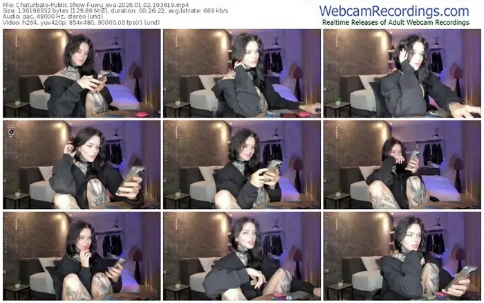 There are a total of 324 recordings (231 hours) of uwu_eva from Chaturbate available below.
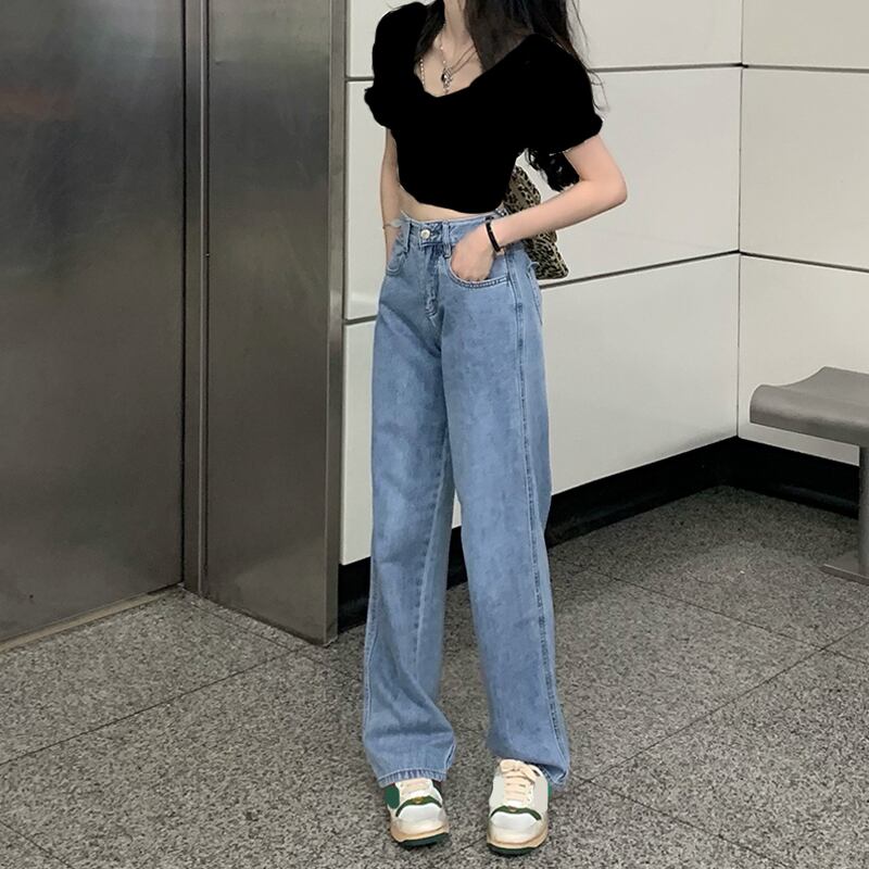ハイウェストウェストジーンズ レディースルーズ夏服ワイドレッグパンツ NEW 夏物 ワイドパンツ ウエスト SYJ8102472710
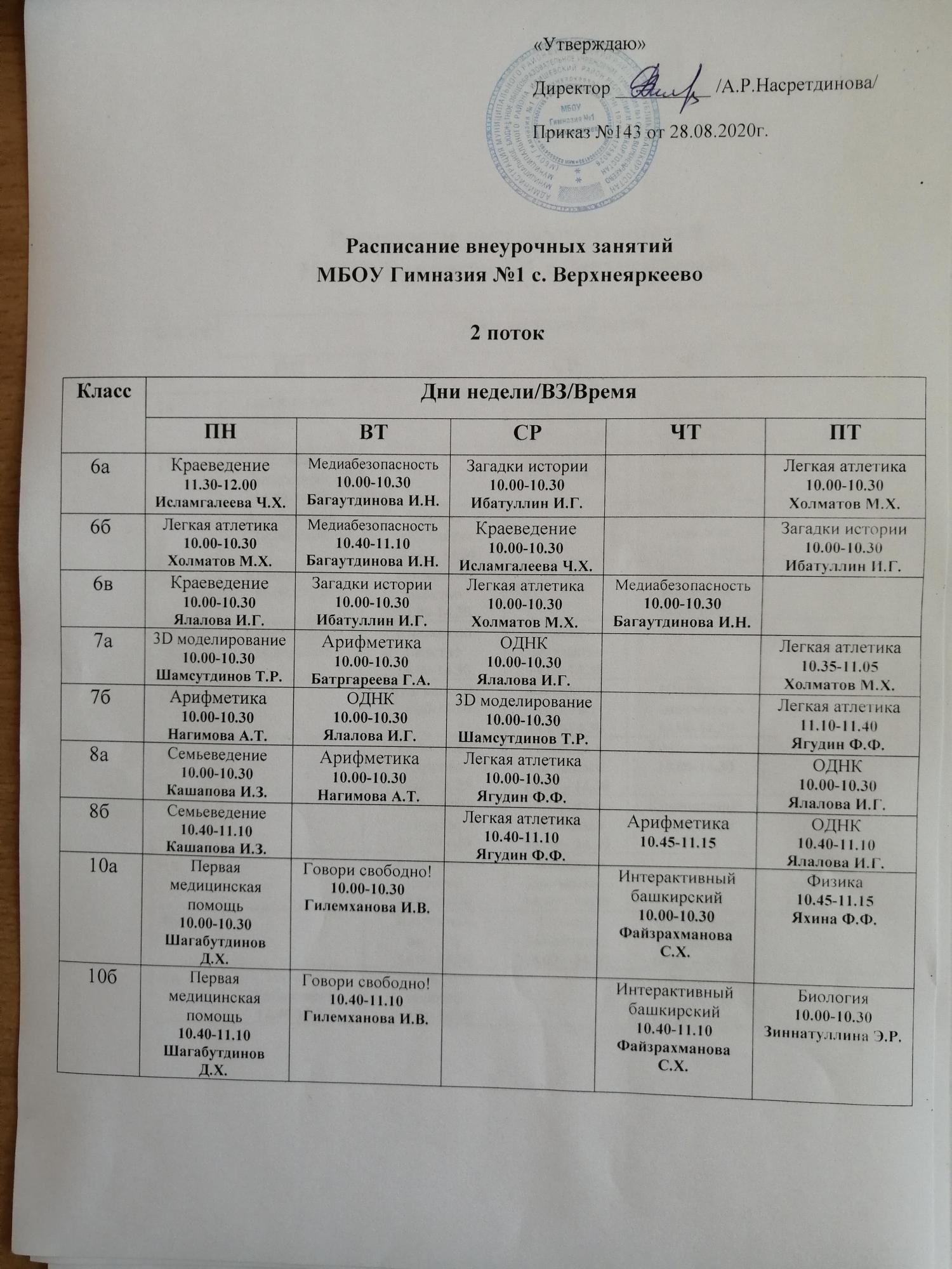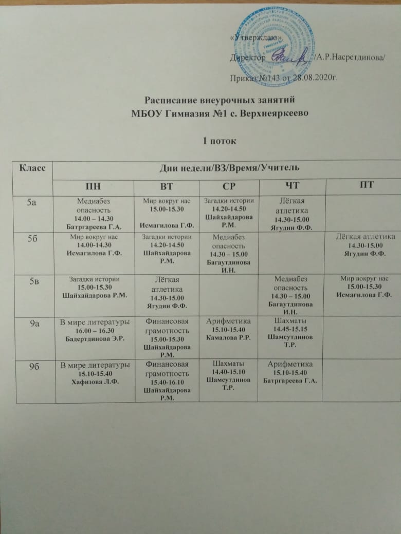 Расписание внеурочных занятий для 5 и 9 классов

### WHAT THE EXERCISE ASKS:
Give back exactly the lines from the line with "ハイウェストウェストジーンズ レディースルーズ夏服ワイドレッグパンツ NEW" through the end of the material above, inclusive, with no pictures.

### EXPECTED ANSWER:
ハイウェストウェストジーンズ レディースルーズ夏服ワイドレッグパンツ NEW 夏物 ワイドパンツ ウエスト SYJ8102472710
 Расписание внеурочных занятий для 5 и 9 классов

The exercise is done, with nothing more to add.